··· Stored data

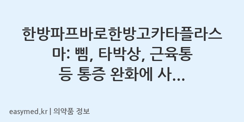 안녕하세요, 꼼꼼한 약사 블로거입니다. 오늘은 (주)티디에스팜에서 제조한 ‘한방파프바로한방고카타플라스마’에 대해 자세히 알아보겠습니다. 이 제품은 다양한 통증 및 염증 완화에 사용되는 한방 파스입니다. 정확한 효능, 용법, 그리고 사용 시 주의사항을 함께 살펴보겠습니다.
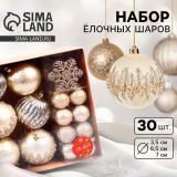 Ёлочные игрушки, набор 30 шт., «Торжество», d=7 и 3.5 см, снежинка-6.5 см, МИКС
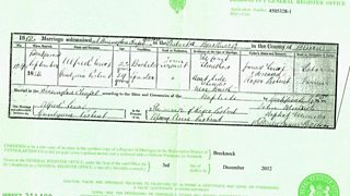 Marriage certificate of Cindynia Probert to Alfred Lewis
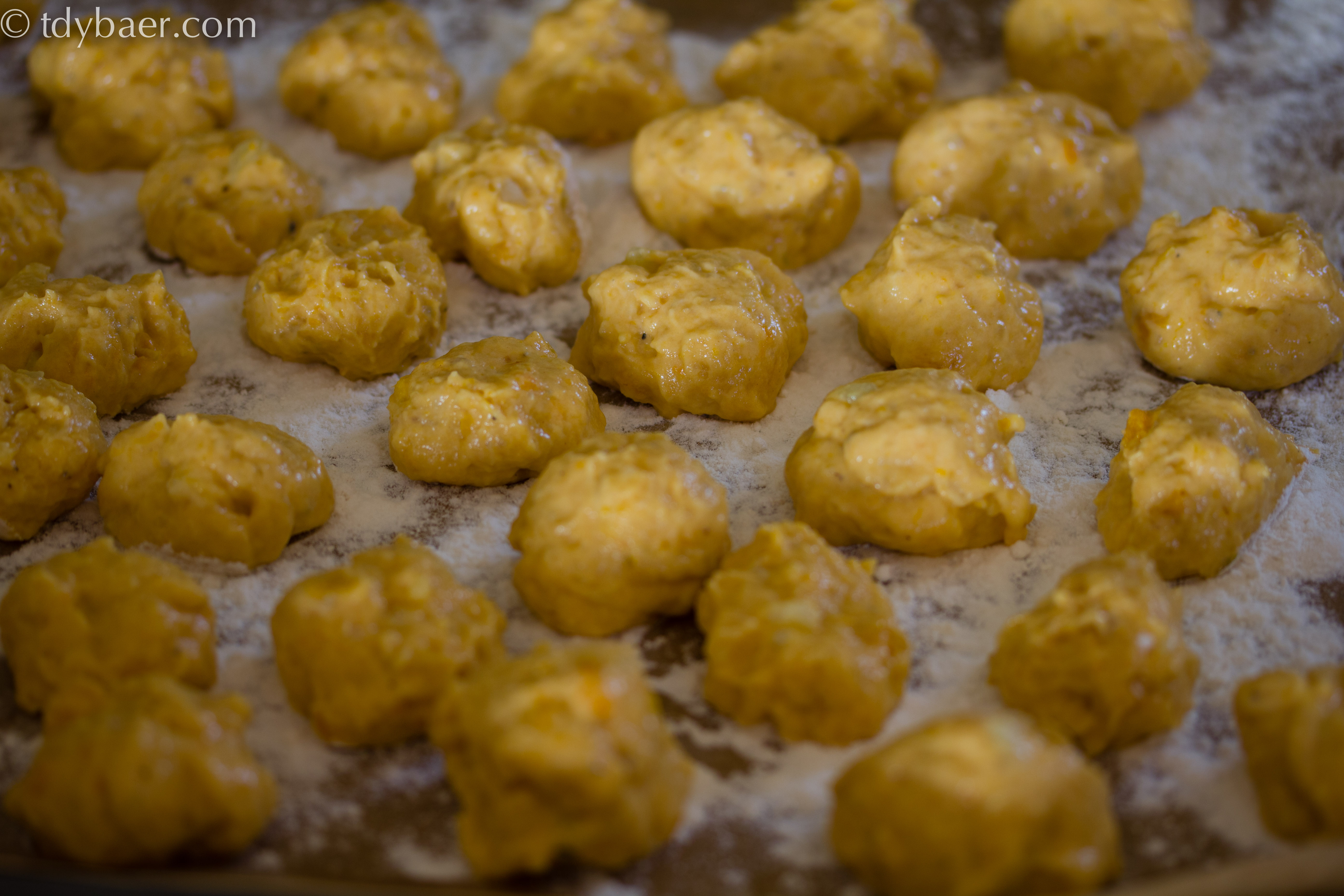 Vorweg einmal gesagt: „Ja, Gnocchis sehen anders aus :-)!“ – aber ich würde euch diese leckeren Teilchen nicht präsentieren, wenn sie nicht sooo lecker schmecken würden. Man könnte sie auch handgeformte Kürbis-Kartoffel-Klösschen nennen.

······
··· Stored data

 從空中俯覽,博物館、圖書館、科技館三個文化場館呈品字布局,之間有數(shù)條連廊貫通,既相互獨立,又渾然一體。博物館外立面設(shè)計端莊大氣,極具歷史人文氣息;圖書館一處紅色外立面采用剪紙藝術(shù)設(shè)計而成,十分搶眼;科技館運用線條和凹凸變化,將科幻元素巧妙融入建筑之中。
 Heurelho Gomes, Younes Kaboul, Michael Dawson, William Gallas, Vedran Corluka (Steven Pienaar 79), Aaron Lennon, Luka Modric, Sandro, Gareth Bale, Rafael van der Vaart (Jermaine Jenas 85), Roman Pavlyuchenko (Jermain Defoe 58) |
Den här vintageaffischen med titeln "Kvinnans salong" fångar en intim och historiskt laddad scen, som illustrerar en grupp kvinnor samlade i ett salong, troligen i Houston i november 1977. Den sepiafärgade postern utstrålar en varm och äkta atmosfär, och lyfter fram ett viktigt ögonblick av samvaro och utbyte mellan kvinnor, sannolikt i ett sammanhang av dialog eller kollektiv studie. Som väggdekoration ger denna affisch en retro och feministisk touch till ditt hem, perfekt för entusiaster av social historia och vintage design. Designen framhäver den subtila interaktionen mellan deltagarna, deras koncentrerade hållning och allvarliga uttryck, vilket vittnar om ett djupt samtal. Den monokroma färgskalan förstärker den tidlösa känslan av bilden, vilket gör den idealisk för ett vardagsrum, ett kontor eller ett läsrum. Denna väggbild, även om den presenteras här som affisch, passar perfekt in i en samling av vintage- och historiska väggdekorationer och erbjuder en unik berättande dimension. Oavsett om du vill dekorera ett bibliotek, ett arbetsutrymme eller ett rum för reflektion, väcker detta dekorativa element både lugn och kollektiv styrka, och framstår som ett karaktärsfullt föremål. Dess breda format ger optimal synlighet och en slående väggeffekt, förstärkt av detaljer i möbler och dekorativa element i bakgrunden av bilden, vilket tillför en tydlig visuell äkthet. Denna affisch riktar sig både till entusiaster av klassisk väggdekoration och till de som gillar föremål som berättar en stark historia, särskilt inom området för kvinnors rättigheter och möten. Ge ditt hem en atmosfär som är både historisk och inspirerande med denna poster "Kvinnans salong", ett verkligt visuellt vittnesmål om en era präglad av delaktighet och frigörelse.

······

Try it: Copy the lines above exactly, starting at the one with "안녕하세요, 꼼꼼한 약사" and ending at the one with "Marriage certificate of", both included. Leave out any pictures and add nothing else.

Solution:
 안녕하세요, 꼼꼼한 약사 블로거입니다. 오늘은 (주)티디에스팜에서 제조한 ‘한방파프바로한방고카타플라스마’에 대해 자세히 알아보겠습니다. 이 제품은 다양한 통증 및 염증 완화에 사용되는 한방 파스입니다. 정확한 효능, 용법, 그리고 사용 시 주의사항을 함께 살펴보겠습니다.
 Ёлочные игрушки, набор 30 шт., «Торжество», d=7 и 3.5 см, снежинка-6.5 см, МИКС
 Marriage certificate of Cindynia Probert to Alfred Lewis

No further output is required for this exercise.